Over the past year and a half, the CISO playbook for generative AI has revolved around controlling the browser. Security teams have focused on tightening cloud access security policies, monitoring AI traffic, and routing usage through approved gateways. However, a new trend is emerging that is challenging this model.

There is a quiet shift happening in hardware that is moving large language model (LLM) usage from the network to the endpoint. Referred to as Shadow AI 2.0 or the “bring your own model” (BYOM) era, employees are now running sophisticated models locally on their laptops, offline, without any external API calls or network footprint. This poses a new challenge for security teams as the traditional methods of data loss prevention (DLP) are no longer effective.

The Growing Feasibility of Local Inference

Running complex models on work laptops was once a niche practice but has now become common among technical teams. Several factors have contributed to this shift:

  • Advancements in consumer-grade accelerators: High-end laptops can now handle large models efficiently, eliminating the need for multi-GPU servers.
  • Mainstream adoption of quantization: Models can now be compressed into smaller formats without compromising quality.
  • Frictionless distribution: Accessing and running models has become seamless, making it easy for engineers to work locally.

This has enabled engineers to run sensitive workflows locally without leaving a trace, posing a challenge for network security.

The Shift in Enterprise Risk

With the rise of local inference, the focus of enterprise risk has shifted from data exfiltration to integrity, provenance, and compliance. Local models introduce blind spots that organizations are not equipped to handle:

1. Integrity Risk: Code and Decision Contamination

Local models, often adopted without approval, can introduce vulnerabilities into the codebase without detection. This can compromise security without leaving a trace.

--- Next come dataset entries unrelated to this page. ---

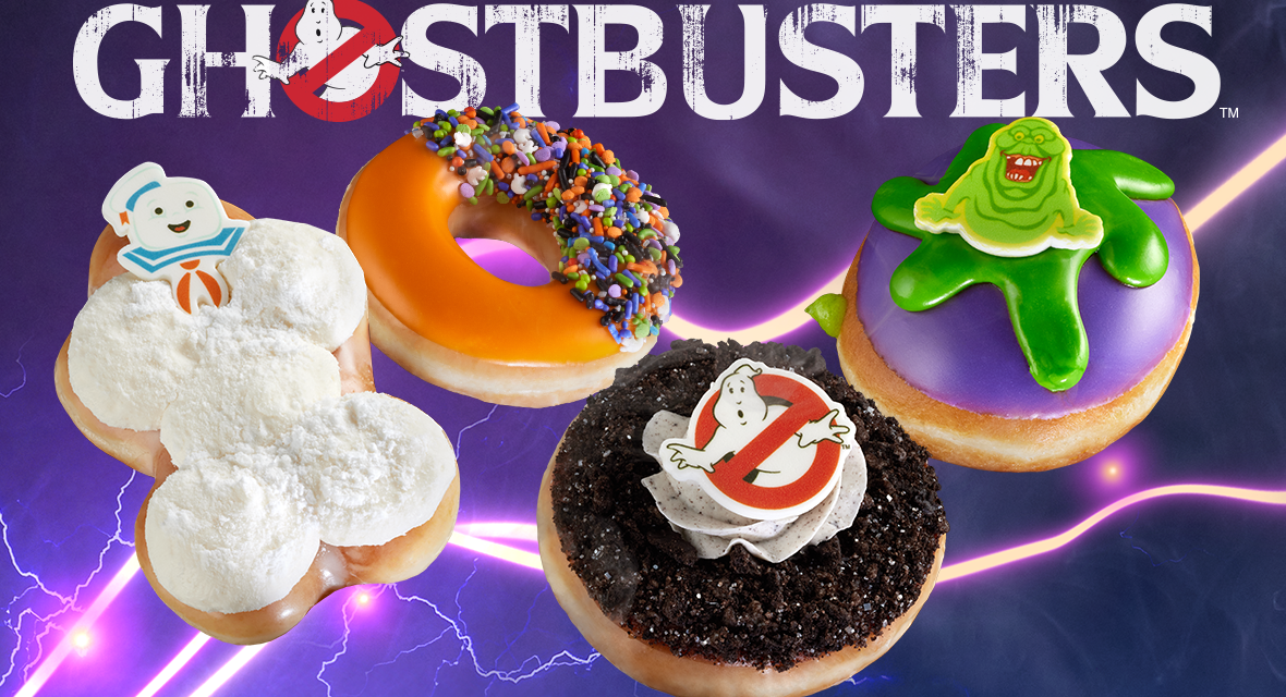 You might have thought that pumpkin spice took over the Fall season at places like Krispy Kreme donuts, but no, it’s Ghostbusting season. The donut chain has added a group of Ghostbusters-inspired donuts for the Halloween season. Krispy Kreme x Ghostbusters arrives in shop, drive-thru, and online for pickup and delivery 10/7/24 through 10/31/24 at participating US stores. The collection features four new donuts that are ghastly.
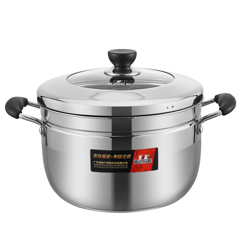 振能 不锈钢汤锅复底加厚蒸锅日式双层煲汤锅电磁通用20 22 24 26 - 振能厨具企业店
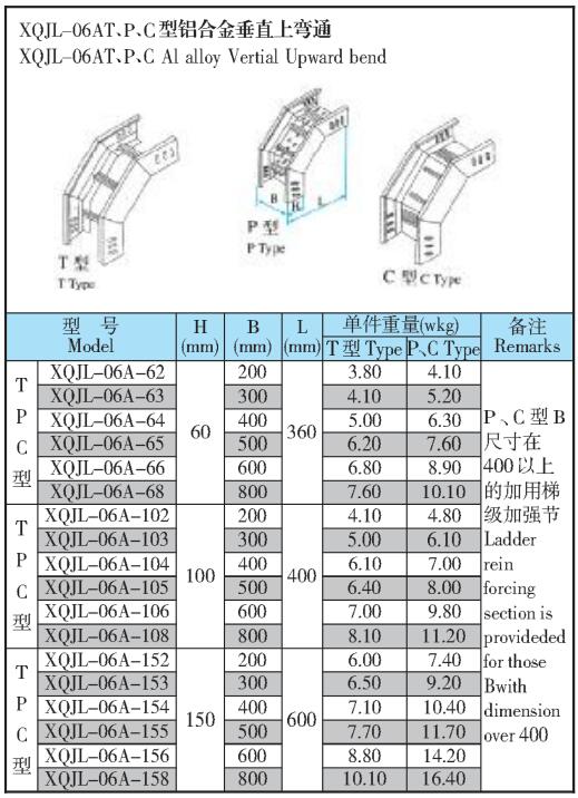 XQJL-06AT、P、C型鋁合金垂直上彎通生產(chǎn)廠家
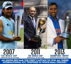 He led India to victory in the first ICC T20 World Cup in 2007, the ICC Cricket World Cup in 2011, and the ICC Champions Trophy in 2013. He became the only skipper in cricket history to win all three main ICC titles. His ability to stay calm under pressure earned him the nickname “Captain Cool,” and his tactical selections frequently changed games in India’s favor.
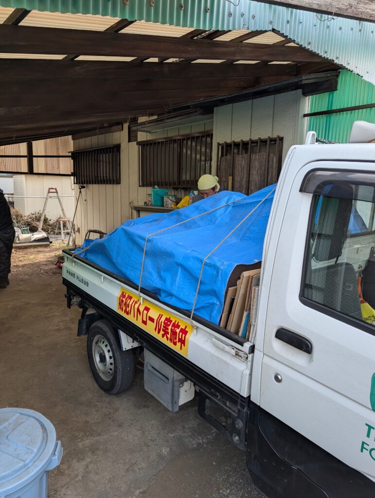 2026年1月26日の作業では、外の捨てるごみの分別を行い、ごみを分別して、燃えるごみは環境センターに持ち込み処理しました。
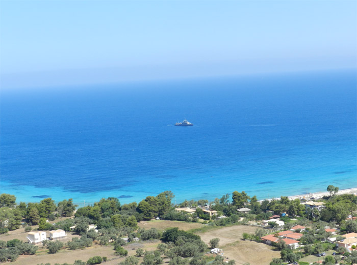 Αξιωσημείωτη ήταν η παρουσία της πυραυλάκατου που έπλεε στα ανοιχτά της Λευκάδος κατά τη διάρκεια του εορτασμού της Παναγίας Φανερωμένης.

2. Compliance Risk: Licensing and IP Exposure

Running models locally can violate licensing agreements and expose organizations to legal risks. The lack of oversight and traceability further complicates compliance.

3. Provenance Risk: Model Supply Chain Exposure

Local inference changes the software supply chain landscape, introducing potential security vulnerabilities. The lack of a structured approach to managing model artifacts can lead to exploitation.

Addressing the Challenge of BYOM

To mitigate the risks associated with local inference, organizations need to implement endpoint-aware controls and developer-friendly solutions:

1. Move governance down to the endpoint: Implement endpoint governance measures to detect and monitor local model usage.

2. Provide a curated model hub: Offer an internal catalog of approved models with clear documentation and usage guidelines.

3. Update policy language: Revise policies to explicitly address local model usage and compliance requirements.

The Perimeter Shifts to the Device

Local inference is pushing a significant portion of AI activity back to the endpoint, necessitating a shift in security controls. CISOs need to be vigilant of signals indicating the movement of Shadow AI to endpoints and adapt their security strategies accordingly.

As organizations grapple with the challenges posed by local inference, a new approach to AI governance that focuses on controlling artifacts, provenance, and policy at the endpoint is essential for maintaining security without hindering productivity.

Jayachander Reddy Kandakatla is a senior MLOps engineer.